The behavior we’d like/expect to see is that each container gets a healthy replacement before continuing.

The behavior we are seeing is that only a single container in healthy is kept around, and while containers are in the “initializing” state, the upgrade continues on. Therefore, we lose quorum as the cluster goes down to one node during upgrade.

I spoke to @vincent on IRC yesterday and apparently upgrade does not support health checks… only interval and batchSize

I’d love for the ability to do batch upgrades based on health status + timeout rather than an interval. I think i’ve raised this before. But I’m wondering if this solves both the quorum and “zero-downtime” deploy idea. I’ve been noodling on how I might like my upgrade procedure to go. Something like:

  • Start an upgrade with batch size of 2 and timeout of 300 seconds.
  • Start two new containers.
  • If timeout hit go to next batch (or maybe fail upgrade?)
  • Once batch is healthy, proceed.
  • Continue batch (stop containers from first batch and start new batch).

@andyshinn I don’t believe there is a Github issue for this enhancement, so please feel free to make one.

As @topper SA I’d it doesn’t exist today, but I basically agree…

  • I would definitely fail/stop if one didn’t come up, given that you’re trying to maintain quorum.
  • And service healthchecks already have an initializing timeout so I would just use that one rather than having as l separate batch timeout…
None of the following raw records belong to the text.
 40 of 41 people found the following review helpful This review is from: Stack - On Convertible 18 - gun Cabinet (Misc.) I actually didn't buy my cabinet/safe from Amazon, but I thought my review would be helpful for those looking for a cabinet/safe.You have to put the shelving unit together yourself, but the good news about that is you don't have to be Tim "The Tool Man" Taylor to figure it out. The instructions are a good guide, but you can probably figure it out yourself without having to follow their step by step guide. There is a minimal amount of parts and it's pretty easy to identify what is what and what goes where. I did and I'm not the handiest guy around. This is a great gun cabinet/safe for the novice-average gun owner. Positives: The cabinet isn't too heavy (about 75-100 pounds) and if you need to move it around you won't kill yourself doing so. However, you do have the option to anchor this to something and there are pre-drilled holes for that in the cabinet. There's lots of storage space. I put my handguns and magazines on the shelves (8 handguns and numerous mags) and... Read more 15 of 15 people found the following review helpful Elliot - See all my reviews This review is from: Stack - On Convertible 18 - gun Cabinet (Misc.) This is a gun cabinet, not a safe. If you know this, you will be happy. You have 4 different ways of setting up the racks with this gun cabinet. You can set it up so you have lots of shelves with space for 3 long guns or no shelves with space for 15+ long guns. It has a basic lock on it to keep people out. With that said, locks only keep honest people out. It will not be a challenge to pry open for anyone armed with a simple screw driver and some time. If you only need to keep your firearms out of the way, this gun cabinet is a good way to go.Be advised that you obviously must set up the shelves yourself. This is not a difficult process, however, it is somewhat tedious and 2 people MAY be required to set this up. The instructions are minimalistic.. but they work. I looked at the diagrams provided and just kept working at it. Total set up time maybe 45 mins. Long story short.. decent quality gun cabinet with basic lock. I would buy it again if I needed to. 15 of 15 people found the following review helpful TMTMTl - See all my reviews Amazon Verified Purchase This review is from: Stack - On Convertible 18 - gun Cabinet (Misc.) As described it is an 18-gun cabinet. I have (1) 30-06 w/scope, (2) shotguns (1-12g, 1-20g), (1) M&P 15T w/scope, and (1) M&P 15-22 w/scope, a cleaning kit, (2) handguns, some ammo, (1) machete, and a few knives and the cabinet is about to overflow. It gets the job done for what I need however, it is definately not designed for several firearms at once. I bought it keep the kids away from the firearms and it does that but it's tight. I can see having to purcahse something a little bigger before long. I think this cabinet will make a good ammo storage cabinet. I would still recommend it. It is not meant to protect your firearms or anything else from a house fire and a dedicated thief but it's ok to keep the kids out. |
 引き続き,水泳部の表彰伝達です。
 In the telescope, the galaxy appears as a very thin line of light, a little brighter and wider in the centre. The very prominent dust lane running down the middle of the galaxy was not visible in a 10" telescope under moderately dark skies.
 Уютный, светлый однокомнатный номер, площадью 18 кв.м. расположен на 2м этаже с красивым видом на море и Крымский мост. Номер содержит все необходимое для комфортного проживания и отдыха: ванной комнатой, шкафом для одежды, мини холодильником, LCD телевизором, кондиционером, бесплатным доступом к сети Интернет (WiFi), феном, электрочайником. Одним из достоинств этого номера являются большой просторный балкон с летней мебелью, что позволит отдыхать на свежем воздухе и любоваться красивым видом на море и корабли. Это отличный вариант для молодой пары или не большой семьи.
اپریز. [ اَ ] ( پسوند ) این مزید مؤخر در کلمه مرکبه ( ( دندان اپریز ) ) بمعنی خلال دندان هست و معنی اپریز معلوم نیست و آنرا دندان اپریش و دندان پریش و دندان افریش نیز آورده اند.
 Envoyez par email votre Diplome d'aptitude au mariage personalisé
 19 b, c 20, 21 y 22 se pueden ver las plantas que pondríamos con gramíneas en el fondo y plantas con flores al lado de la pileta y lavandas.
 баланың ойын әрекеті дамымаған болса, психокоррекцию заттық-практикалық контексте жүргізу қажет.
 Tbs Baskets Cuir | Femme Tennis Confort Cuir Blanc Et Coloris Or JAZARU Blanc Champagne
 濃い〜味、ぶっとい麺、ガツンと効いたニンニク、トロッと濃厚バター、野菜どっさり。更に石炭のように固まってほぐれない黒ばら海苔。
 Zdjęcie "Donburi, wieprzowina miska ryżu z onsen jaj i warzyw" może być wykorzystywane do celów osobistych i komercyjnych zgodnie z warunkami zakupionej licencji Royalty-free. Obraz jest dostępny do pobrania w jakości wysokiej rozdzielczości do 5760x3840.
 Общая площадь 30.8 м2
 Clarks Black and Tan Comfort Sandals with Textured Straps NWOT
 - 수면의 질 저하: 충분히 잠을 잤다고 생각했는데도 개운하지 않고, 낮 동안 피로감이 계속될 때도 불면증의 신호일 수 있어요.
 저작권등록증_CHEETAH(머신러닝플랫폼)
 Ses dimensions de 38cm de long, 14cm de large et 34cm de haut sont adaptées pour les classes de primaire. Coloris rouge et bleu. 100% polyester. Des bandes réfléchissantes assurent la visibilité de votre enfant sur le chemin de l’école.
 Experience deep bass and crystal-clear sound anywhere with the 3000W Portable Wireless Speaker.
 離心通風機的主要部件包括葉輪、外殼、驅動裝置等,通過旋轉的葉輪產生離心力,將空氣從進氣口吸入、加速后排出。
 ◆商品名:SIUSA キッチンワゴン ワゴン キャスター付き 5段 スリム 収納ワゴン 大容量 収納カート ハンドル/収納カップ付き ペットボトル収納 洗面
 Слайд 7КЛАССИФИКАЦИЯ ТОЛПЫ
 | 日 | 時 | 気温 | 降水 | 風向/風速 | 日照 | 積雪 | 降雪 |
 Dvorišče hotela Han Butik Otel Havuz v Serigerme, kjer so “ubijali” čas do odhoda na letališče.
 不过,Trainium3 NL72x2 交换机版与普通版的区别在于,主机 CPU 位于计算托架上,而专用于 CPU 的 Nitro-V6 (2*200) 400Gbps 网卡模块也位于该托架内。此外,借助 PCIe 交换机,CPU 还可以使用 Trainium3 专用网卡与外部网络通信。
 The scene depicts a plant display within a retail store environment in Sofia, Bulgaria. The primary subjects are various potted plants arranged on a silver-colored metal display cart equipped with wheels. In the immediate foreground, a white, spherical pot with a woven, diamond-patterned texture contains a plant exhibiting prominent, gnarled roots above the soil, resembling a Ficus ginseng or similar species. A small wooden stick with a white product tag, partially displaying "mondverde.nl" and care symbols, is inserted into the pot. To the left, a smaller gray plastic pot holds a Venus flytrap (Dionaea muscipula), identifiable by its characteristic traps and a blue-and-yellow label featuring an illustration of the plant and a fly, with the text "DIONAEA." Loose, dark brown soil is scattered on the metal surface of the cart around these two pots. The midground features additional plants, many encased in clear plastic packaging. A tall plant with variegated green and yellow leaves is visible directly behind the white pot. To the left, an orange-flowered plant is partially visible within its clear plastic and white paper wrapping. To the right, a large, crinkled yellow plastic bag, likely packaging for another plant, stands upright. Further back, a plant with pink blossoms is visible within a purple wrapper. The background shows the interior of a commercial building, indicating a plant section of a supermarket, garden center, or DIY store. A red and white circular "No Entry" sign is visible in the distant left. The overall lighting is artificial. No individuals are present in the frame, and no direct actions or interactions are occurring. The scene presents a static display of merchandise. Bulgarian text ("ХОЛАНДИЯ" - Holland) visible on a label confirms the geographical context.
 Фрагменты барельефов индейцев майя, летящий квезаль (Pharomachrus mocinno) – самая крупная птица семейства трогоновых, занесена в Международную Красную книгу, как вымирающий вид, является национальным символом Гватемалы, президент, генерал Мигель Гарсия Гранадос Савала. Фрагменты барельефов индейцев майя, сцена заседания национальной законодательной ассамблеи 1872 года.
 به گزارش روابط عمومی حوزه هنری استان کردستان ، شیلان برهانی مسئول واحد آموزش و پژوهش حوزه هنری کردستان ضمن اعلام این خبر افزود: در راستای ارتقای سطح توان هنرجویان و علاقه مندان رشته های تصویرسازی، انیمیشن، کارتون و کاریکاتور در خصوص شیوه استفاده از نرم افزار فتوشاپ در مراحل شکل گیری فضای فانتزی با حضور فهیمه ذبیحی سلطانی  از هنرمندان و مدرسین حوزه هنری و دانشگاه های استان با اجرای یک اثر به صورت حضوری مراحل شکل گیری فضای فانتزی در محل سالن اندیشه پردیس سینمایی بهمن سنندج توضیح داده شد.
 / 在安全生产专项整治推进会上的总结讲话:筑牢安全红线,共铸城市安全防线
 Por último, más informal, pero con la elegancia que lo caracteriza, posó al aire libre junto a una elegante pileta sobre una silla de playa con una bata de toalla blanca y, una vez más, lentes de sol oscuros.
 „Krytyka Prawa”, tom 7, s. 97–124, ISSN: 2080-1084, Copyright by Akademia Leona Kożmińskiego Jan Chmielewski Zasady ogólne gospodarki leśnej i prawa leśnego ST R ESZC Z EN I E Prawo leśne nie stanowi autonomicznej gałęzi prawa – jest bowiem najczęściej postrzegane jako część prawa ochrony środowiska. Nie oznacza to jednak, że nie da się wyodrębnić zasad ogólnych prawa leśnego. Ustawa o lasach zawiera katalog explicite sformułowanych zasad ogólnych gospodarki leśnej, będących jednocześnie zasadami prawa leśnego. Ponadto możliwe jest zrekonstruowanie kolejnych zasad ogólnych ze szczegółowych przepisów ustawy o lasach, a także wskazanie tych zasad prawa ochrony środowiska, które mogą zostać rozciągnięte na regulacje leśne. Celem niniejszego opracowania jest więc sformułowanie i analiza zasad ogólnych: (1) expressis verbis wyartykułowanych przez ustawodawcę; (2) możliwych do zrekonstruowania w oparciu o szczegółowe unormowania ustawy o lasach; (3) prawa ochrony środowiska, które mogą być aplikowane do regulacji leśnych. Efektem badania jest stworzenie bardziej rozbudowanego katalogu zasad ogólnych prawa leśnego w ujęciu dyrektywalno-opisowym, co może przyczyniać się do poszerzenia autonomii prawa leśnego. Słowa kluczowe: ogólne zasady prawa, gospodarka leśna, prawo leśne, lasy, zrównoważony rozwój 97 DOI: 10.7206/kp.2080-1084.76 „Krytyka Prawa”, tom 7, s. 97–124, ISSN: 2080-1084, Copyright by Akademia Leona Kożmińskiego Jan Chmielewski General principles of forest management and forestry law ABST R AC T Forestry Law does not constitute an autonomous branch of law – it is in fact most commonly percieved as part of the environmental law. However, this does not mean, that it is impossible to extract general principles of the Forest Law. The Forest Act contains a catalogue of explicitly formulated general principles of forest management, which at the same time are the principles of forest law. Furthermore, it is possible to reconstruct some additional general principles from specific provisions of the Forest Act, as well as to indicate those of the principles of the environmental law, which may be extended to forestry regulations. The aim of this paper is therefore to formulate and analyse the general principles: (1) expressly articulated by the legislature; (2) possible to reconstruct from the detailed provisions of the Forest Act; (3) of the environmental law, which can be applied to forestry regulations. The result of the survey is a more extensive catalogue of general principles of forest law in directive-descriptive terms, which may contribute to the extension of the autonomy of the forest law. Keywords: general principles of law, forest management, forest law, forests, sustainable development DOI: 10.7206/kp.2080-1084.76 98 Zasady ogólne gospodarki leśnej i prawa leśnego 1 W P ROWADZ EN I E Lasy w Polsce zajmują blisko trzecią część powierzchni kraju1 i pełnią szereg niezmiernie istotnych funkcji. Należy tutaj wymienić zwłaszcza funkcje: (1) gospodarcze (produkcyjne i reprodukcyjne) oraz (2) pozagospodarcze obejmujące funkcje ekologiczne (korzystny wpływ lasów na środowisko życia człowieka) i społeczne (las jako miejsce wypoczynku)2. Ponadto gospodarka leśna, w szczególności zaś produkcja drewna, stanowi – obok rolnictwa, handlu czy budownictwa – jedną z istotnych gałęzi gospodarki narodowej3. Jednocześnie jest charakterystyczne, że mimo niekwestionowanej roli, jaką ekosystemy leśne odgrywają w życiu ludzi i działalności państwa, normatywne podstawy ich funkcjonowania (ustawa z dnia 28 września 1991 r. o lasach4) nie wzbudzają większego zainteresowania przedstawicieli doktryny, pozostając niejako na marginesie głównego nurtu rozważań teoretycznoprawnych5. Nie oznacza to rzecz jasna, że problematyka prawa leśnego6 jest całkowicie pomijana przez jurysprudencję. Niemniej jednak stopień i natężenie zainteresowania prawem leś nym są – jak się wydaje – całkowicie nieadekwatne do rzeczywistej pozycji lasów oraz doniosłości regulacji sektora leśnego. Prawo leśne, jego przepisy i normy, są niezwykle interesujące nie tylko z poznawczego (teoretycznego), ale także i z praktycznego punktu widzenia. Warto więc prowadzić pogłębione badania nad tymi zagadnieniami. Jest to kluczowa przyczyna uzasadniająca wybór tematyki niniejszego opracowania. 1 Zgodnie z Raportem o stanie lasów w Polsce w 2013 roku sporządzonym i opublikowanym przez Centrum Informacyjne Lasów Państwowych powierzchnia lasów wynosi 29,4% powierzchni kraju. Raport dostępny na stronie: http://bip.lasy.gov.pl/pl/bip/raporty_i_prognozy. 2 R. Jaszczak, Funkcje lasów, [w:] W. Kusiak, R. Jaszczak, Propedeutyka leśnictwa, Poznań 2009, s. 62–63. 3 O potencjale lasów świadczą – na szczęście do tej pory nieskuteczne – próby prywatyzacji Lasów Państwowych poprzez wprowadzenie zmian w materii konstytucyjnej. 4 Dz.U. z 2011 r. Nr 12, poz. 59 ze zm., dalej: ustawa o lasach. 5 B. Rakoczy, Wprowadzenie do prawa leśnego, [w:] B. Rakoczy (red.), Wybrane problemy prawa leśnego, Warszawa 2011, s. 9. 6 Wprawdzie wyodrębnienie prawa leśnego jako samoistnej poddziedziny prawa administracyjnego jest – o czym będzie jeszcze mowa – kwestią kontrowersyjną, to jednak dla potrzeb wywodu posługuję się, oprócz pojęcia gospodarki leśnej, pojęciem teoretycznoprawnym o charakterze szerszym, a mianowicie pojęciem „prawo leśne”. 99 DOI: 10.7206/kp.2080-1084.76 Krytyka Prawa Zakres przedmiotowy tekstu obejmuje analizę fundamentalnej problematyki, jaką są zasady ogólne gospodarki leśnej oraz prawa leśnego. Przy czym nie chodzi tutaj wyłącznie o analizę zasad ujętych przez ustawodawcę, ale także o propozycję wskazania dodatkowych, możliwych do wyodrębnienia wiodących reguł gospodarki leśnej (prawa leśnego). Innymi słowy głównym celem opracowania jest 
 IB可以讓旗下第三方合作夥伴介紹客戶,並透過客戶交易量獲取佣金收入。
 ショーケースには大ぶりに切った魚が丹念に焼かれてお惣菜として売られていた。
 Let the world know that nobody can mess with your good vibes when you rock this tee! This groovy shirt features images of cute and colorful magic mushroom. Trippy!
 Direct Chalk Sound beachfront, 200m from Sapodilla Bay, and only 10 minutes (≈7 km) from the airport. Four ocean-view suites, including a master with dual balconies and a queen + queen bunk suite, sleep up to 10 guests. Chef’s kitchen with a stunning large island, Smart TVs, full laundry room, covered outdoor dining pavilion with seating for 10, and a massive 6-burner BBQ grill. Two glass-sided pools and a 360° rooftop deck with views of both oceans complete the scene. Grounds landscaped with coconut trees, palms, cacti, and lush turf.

This thread is a couple years old. Any changes in the status of this feature since then? I have a very similar requirement to OP (service that requires quorum) and so being able to sequence upgrades based on health check status would be a huge win.

As it stands, I’m stuck with a rather crappy option of using a huge --interval or huge initializing timeout, which makes upgrades needlessly slow, and also still doesn’t guarantee quorum, as the upgrade could fail and Rancher will still happily shutdown/restart all the remaining containers even if the first one fails to come up.